• [Directions]:
Excluding all pictures, please output the listing exactly.

• [Data below]:
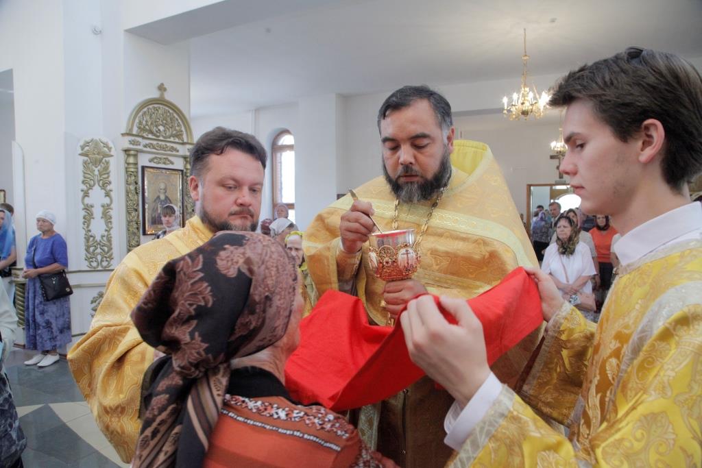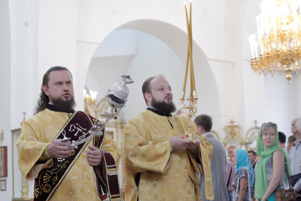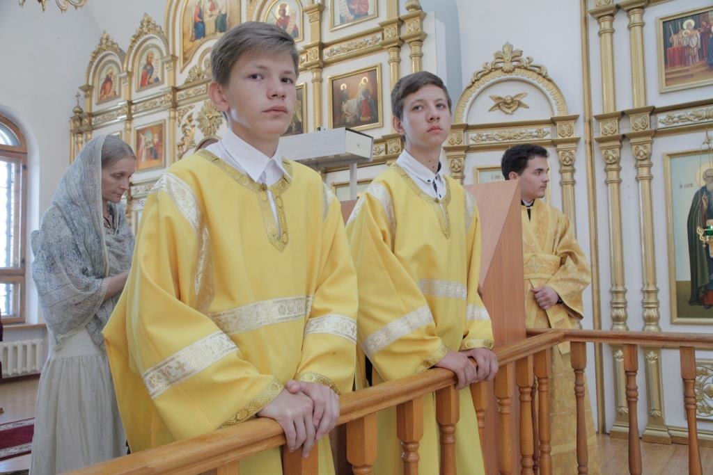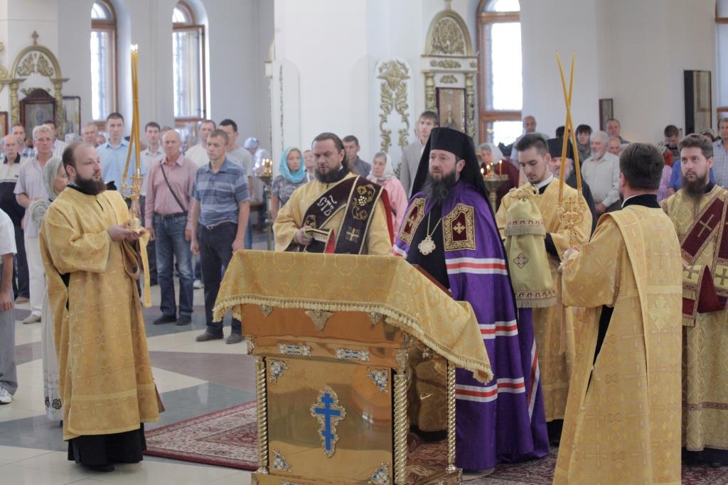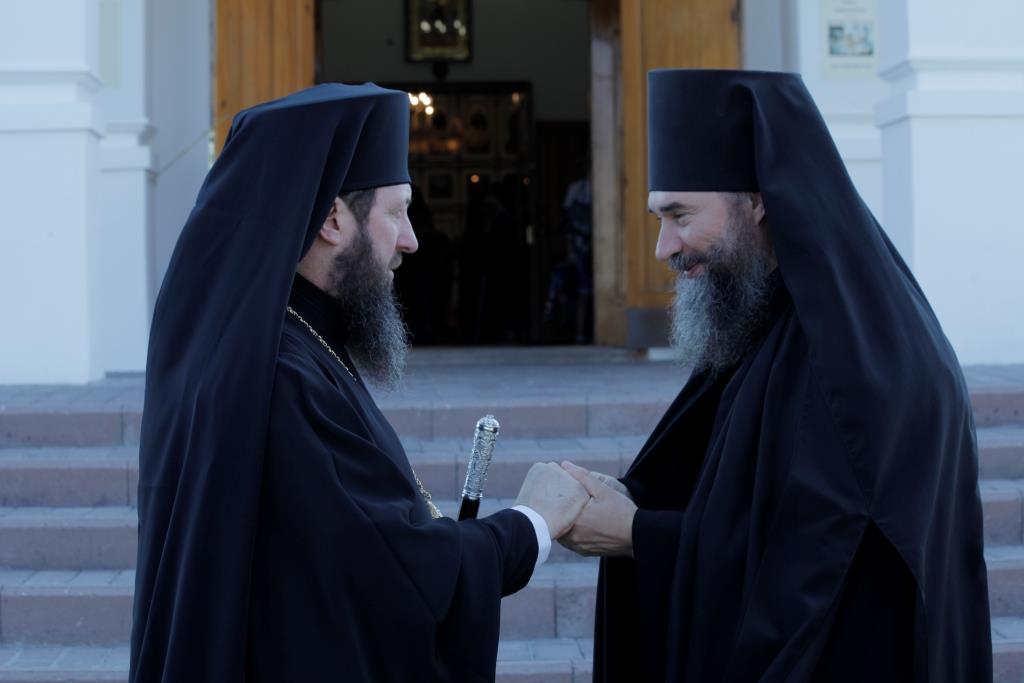 Его Преосвященству сослужили: духовник Усть-Каменогорской епархии, архимандрит Спиридон (Теплухин); ключарь Андреевского кафедрального собора, иеромонах Никодим (Авдеев); иермонах Севастиан (Анрющенко); диаконский чин возглавил протодиакон Андрей Дудник.
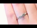 左右それぞれ3石ずつメレダイヤを並べた、ゆるやかなウェーブラインのアーム。6本爪で留めたセンターダイヤモンドは、まさにキラキラと輝く光の結晶。当店人気デザインの一つです。
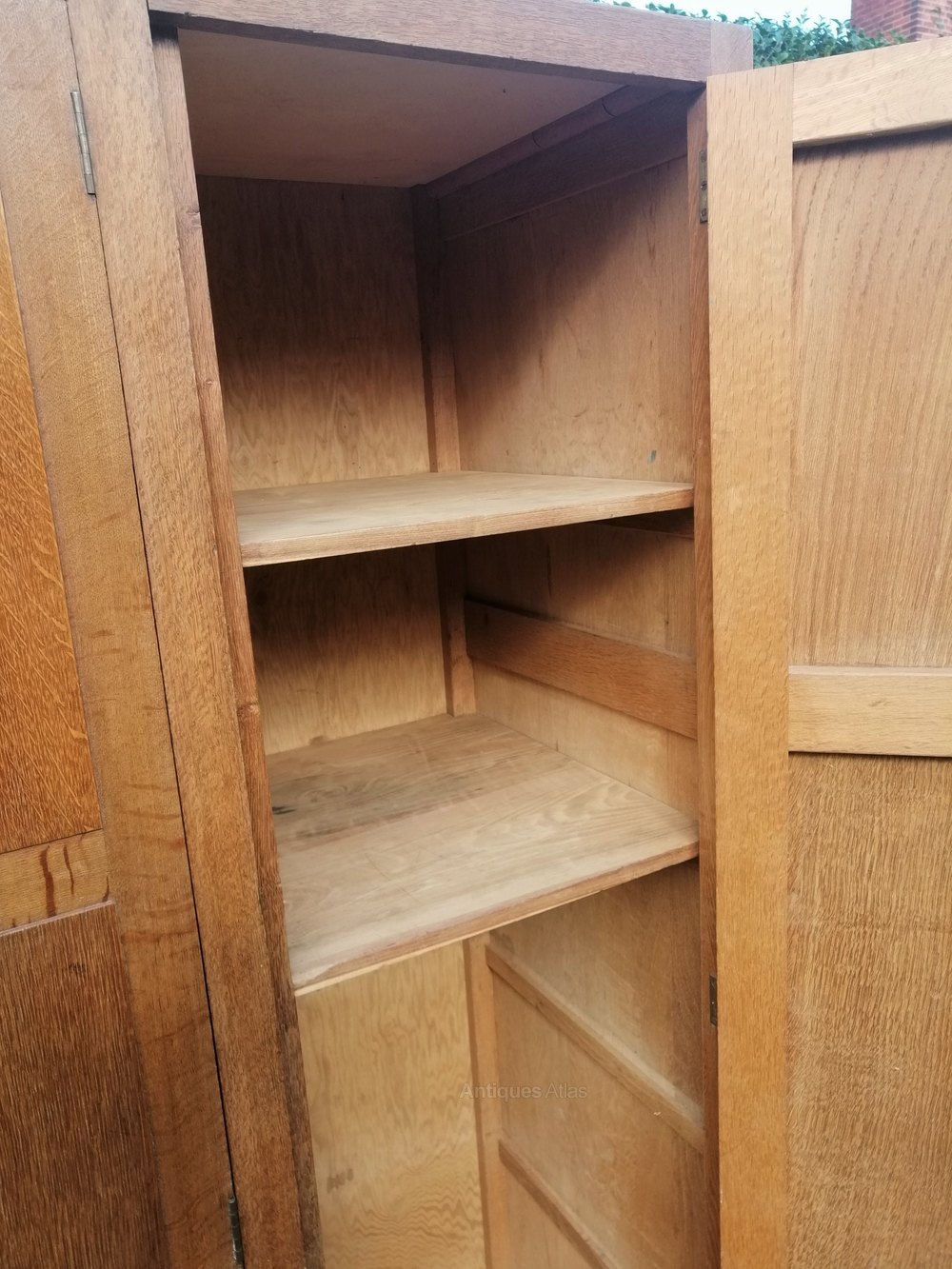 Made to a high standard in the 1930's it has two full length hanging section, with plenty of depth for a large clothes hanger, and the other section has four shelf. (note only two showing on photo)

• [Answer section]:
 Его Преосвященству сослужили: духовник Усть-Каменогорской епархии, архимандрит Спиридон (Теплухин); ключарь Андреевского кафедрального собора, иеромонах Никодим (Авдеев); иермонах Севастиан (Анрющенко); диаконский чин возглавил протодиакон Андрей Дудник.
 左右それぞれ3石ずつメレダイヤを並べた、ゆるやかなウェーブラインのアーム。6本爪で留めたセンターダイヤモンドは、まさにキラキラと輝く光の結晶。当店人気デザインの一つです。
 Made to a high standard in the 1930's it has two full length hanging section, with plenty of depth for a large clothes hanger, and the other section has four shelf. (note only two showing on photo)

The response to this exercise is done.